Upon arriving at “Part III. The Fire Sermon,” whose violent title contrasts the previous two sections, the reader might expect that the language and the imagery will become powerful and chaotic like that of fire. This is not at all what happens: While in the first part of The Waste Land there was “no sound of water” (24) and in the second part the reader found himself in a room filled of worldly possessions (77-110) resembling Brueghel and Reuben’s Allegory of Sight, it is now a river—a long-standing representation of time and memory—that placidly greets the reader in”The Fire Sermon.”

But the river is polluted, the same way that Eliot believes our memory of the past to be sullied. “Part IV. Death by Water” follows the river out into the open sea where Phlebas’ bones are being picked by a current (312-16). He is lost to time and memory because he “forgot the cry of gulls, and the deep sea swell/ and the profit and loss” (313-14) and instead only looked forward (320). The poet’s admonition in this section to those who “turn the wheel and look windward” (320) is to remember (“consider”) Phlebas and his fate. Still the solution is not to look back—which a sailor ought not do—but to look down into the water, and remember what is carrying us to our destination, lest we forget that the very waters that aid us can also destroy us.

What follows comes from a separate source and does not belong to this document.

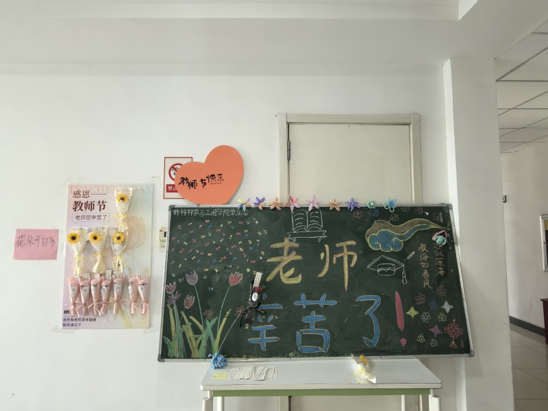 学院学生会手绘了“老师,您辛苦了!”专题黑板报,并准备了鲜花与亲手书写的寄语卡片,向学院全体教师致以节日的祝福;学院学生自发购买鲜花、制作贺卡等,走进教师工作室,为老师送上节日的祝福;军训场上,2024级本科生向承训教官送上鲜花,感谢教官严格细心的指导。除此之外,学院还通过官方网站、微信群、QQ群等形式为广大教师送去祝福,积极营造节日氛围。

The second and third stanzas of “Part V. What The Thunder Said” are replete with the word “water,” but the poet concludes by stating that there is none (358); “empty cisterns and exhausted wells” (384) are all that’s left. A journey along The Waste Land is bleak, and the ending to Eliot’s analysis of society is a harsh truth that we can only hope is not prognostic. Still there are places throughout the poem, namely in “The Fire Sermon,” that reveal a remedy, if not a hope, for our ailing society. By using St. Augustine’s Confessions and Buddha’s Fire Sermon, Eliot is reminding us that the answers to our soul’s depravity are all around us, in our collective culture—the books we read, the places we pass and inhabit, the music we listen to—but that culture can only survive if we remember it and keep it alive in our tradition. Without a collective memory, all we have are fragments to “shore against” our ruins (340). Memory to Eliot, then, is the salvation that we need. As memory is what saves man from depravity and loneliness, so reading the texts of time helps to keep our memory (and therefore ourselves) afloat in a sea of unknowing. There is an effect that comes from reading that taps into our sensory experience, which permits it to echo into the chambers of our memory. The senses, after all, create our ability to remember, and it is this remembrance that can free us from becoming prisoners of present by opening our memory to the past, where we might again hear the faint call of a familiar nightingale.